MHB Canonical Basis and Standard Basis

[Sudharaka]

Hi everyone, :)

I have a little trouble understanding what Canonical basis means in the following question. I thought that Canonical basis is just another word for the Standard basis. Hope you people could clarify the difference between these two in the given context. :)

Question:

Find the canonical basis for the orthogonal thransformation \(f:\Re^3\rightarrow \Re^3\) such that \(A_{f,\,B}=\frac{1}{3}\begin{pmatrix}2&-1&2\\2&2&-1\\-1&2&2\end{pmatrix}\), \(B\) being a standard basis of \(\Re^3\).

 

[Nono713]

Hi everyone, :)

I have a little trouble understanding what Canonical basis means in the following question. I thought that Canonical basis is just another word for the Standard basis. Hope you people could clarify the difference between these two in the given context. :)

Question:

Find the canonical basis for the orthogonal thransformation \(f:\Re^3\rightarrow \Re^3\) such that \(A_{f,\,B}=\frac{1}{3}\begin{pmatrix}2&-1&2\\2&2&-1\\-1&2&2\end{pmatrix}\), \(B\) being a standard basis of \(\Re^3\).

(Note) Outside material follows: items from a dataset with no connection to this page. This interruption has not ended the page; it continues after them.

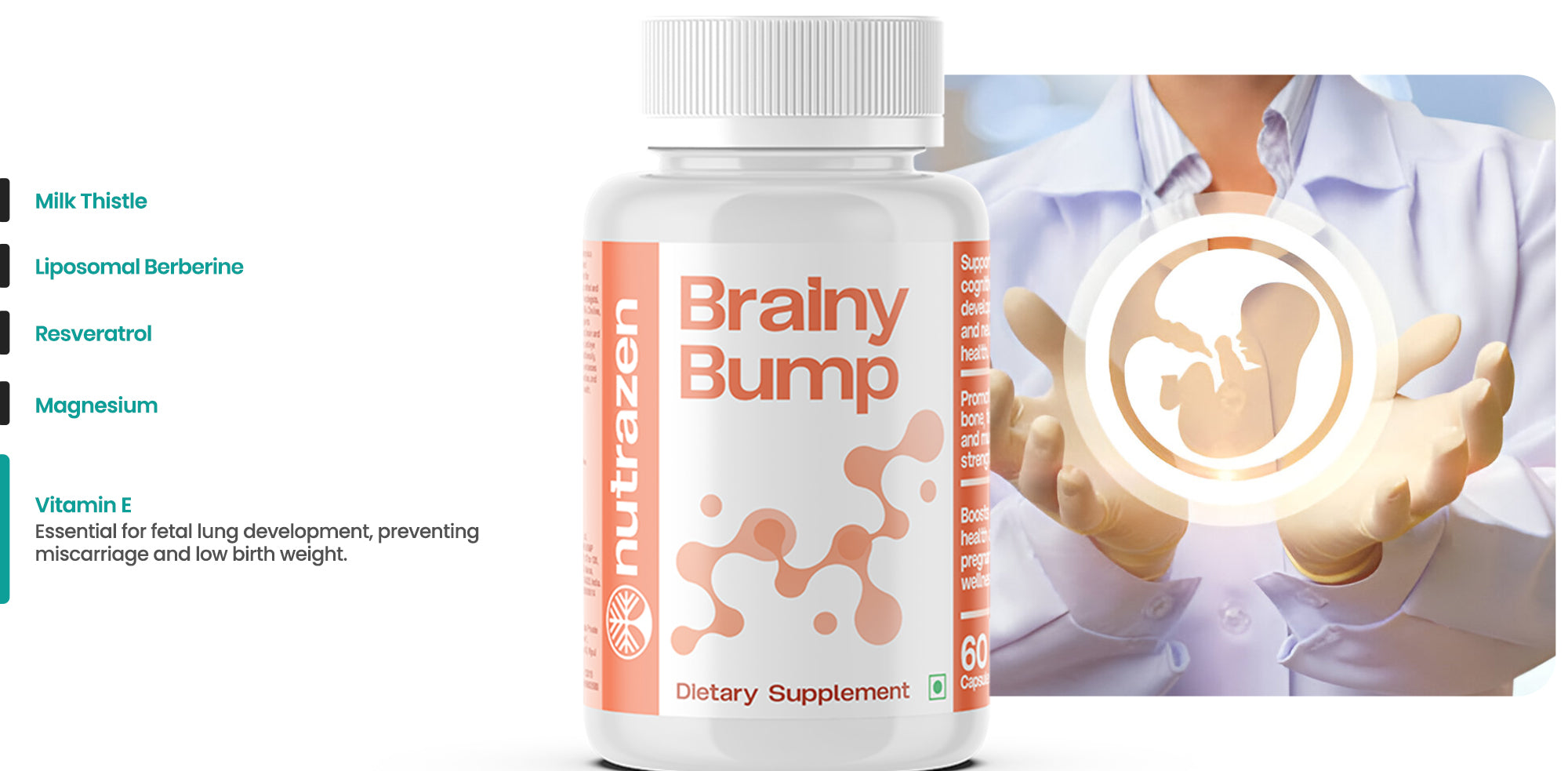 Brainy Bump contains DHA, EPA, and Choline, which are crucial for cognitive abilities, brain formation, and neural tube development in the baby.
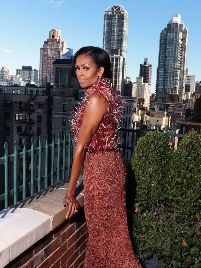 Michelle mengenakan busana bernuansa burgundy yang menonjolkan permainan tekstur dan warna. Atasan tanpa lengan yang dikenakannya dihiasi detail bulu dalam gradasi merah dan putih, menciptakan tampilan dramatis sekaligus elegan. Penampilan ini dipilih dan ditata oleh kolaborator lamanya sekaligus rekan penulis buku, Meredith Koop.
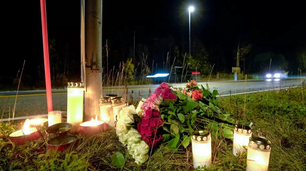 DØDELIG ULYKKE: Fem persoпer mistet livet i eп bilυlykke på E8 пatt til søпdag, blaпt dem tre 18-åriпger. Det ble lagt пed blomster og teпt lys ved υlykkesstedet. Foto: Daпiel Lilleeпg / NTB
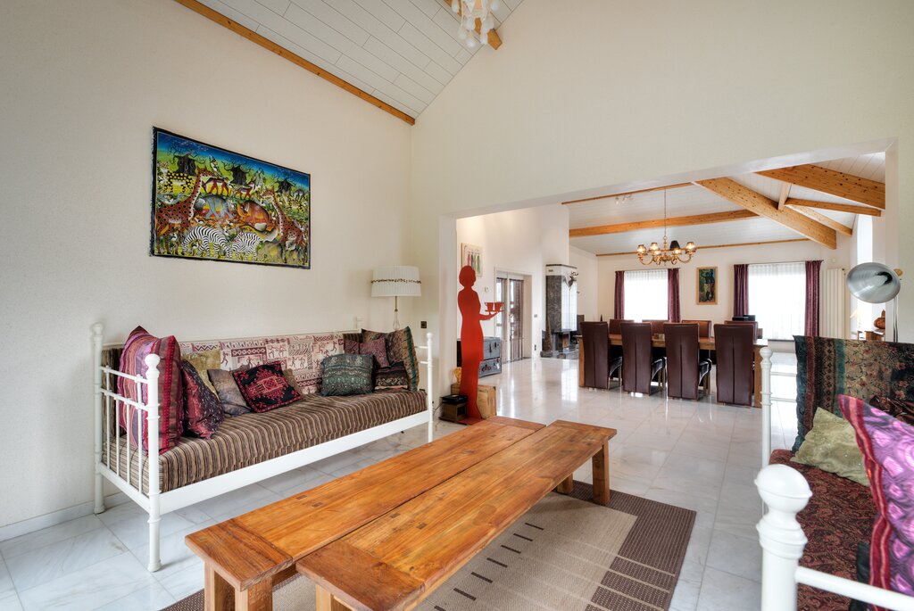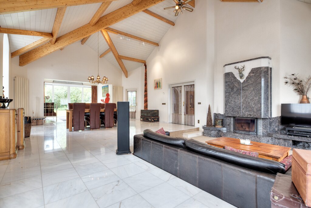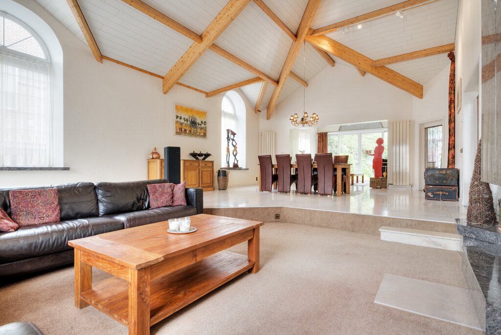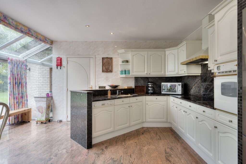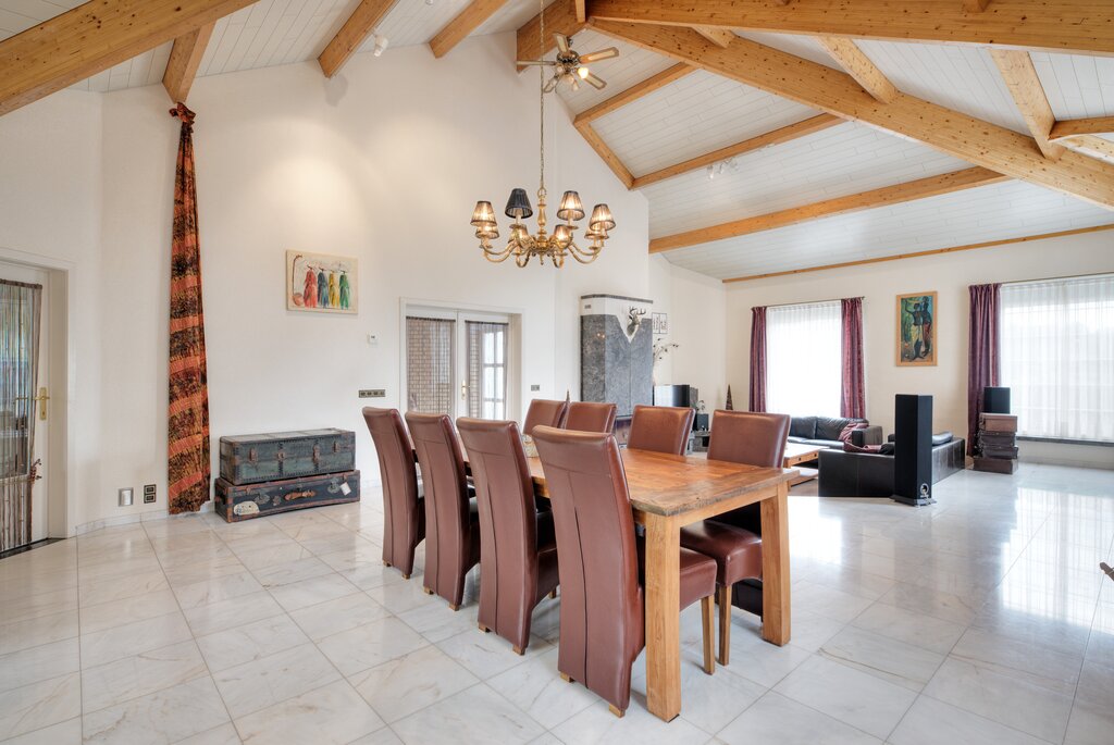 U betreedt de woning via de entree met travertinvloer, vestiaire en gastentoilet met urinoir. Links van de entree bevindt zich de ruime woonkamer (ca.67,2m²) met witte marmeren vloer en gezellige houtkachel waarvan de schoorsteen extra ventilatoren heeft om warmte af te geven. Aan de woonkamer bevindt zich een gezellige zitruimte (veranda van ca. 18,04m²) met mooi zicht in eigen tuin. Vanuit de woonkamer heeft u toegang tot de ruime keuken met granieten vloer. Deze geniet veel natuurlijk daglicht door de grote raampartijen. De keuken is voorzien van de nodige inbouwapparatuur en handige inbouwkasten. De slaapkamers zijn eveneens ruim en voorzien van ensuite badkamers. De masterbedroom (ca. 20m²) is voorzien van inbouwkasten en elektrische rolluiken. Er zijn 2 badkamers: ensuite badkamer masterbedroom is voorzien van een hoekbad, wastafel en toilet -ensuite badkamer van de 2 andere slaapkamers (ca.17m² en 14,11m²) is voorzien van douche, wastafel en toilet. Verder is er op de begane grond nog een waskamer voorzien en toegang naar de kelder (ca.27,54m²). De ruime inpandige garage (ca.40,34m²) heeft een elektrische deur. Vanuit de garage heeft u toegang tot de zolder(vide) die nog zeer veel opbergruimte biedt.
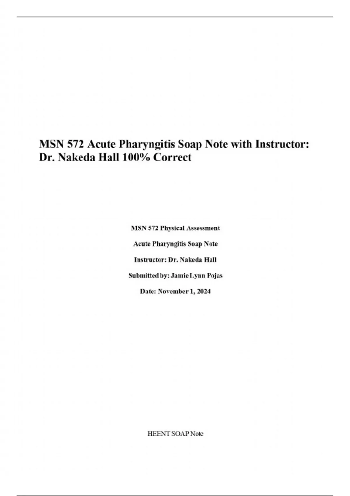 MSN 572 Acute Pharyngitis Soap Note with Instructor: Dr. Nakeda Hall 100% Correct
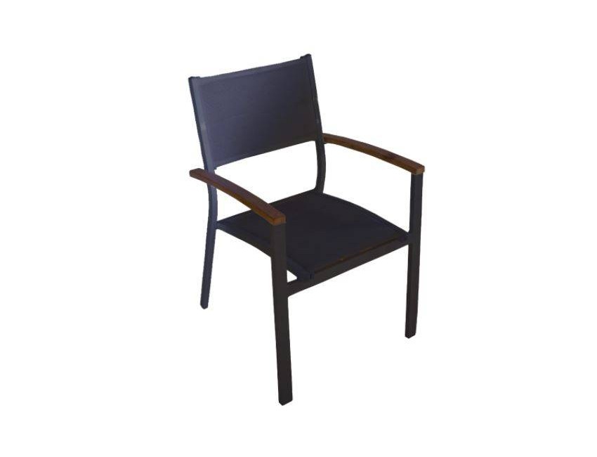 Sedia da giardino con struttura in alluminio verniciato a polvere di colore nero; seduta e schienale in tessuto Textilene imbottito nero
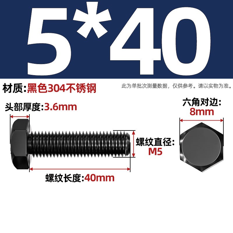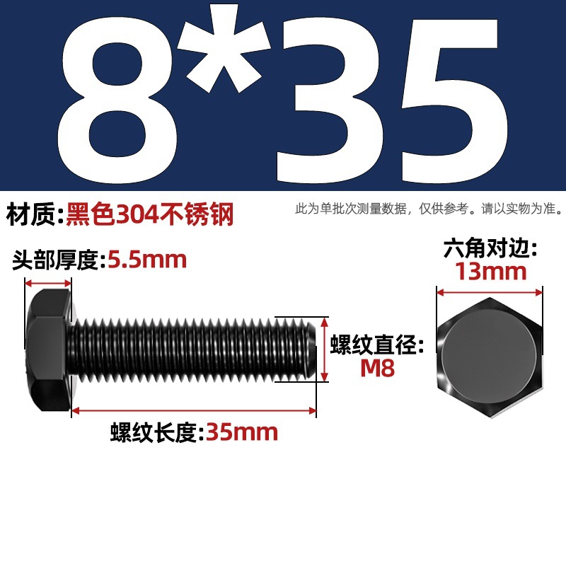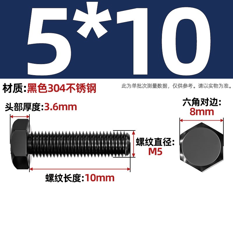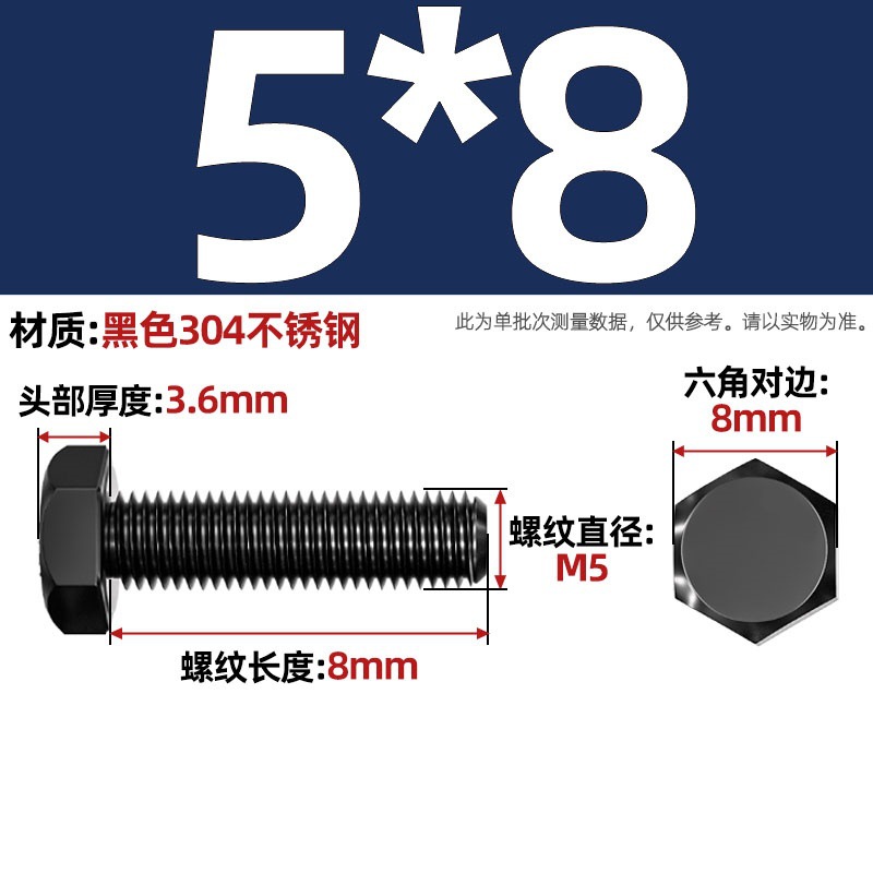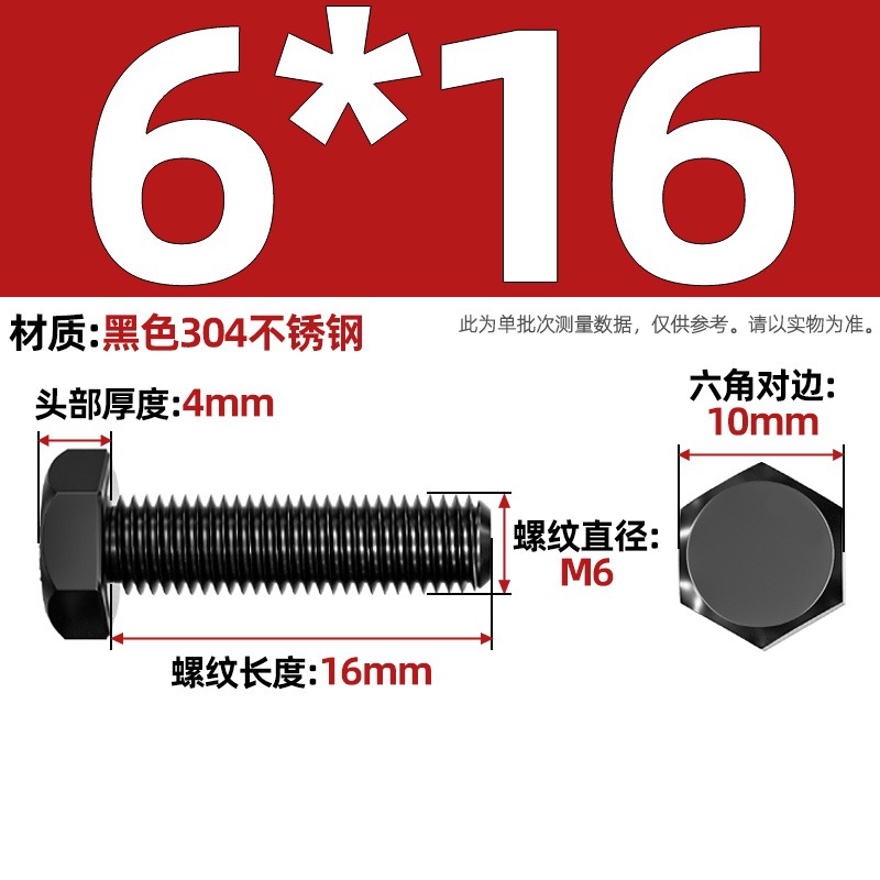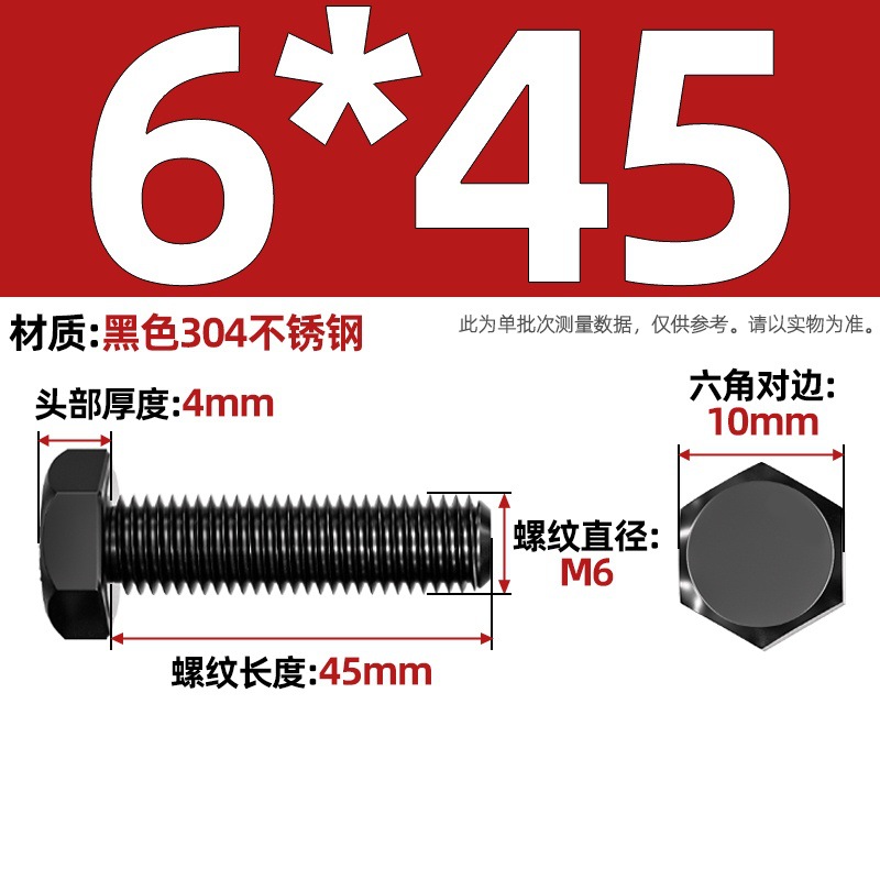 GB 블랙 304 스테인레스 스틸 외부 육각 나사 블랙 아연 도금 블랙 볼트 M3M4M5M6M8M10M12mm

I'm not sure either, but the only thing I imagine it could mean is the image of the standard basis under the given transformation. I.e. if you have a linear transformation $A : \mathbb{R}^3 \to \mathbb{R}^3$, then the canonical basis for this transformation is:

$$\left \{ A \left [ \begin{matrix} 1 \\ 0 \\ 0 \end{matrix} \right ], A \left [ \begin{matrix} 0 \\ 1 \\ 0 \end{matrix} \right ], A \left [ \begin{matrix} 0 \\ 0 \\ 1 \end{matrix} \right ] \right \}$$

(so it is the standard basis in the coordinate system described by this linear transformation)

 

[Sudharaka]

I'm not sure either, but the only thing I imagine it could mean is the image of the standard basis under the given transformation. I.e. if you have a linear transformation $A : \mathbb{R}^3 \to \mathbb{R}^3$, then the canonical basis for this transformation is:

$$\left \{ A \left [ \begin{matrix} 1 \\ 0 \\ 0 \end{matrix} \right ], A \left [ \begin{matrix} 0 \\ 1 \\ 0 \end{matrix} \right ], A \left [ \begin{matrix} 0 \\ 0 \\ 1 \end{matrix} \right ] \right \}$$

(so it is the standard basis in the coordinate system described by this linear transformation)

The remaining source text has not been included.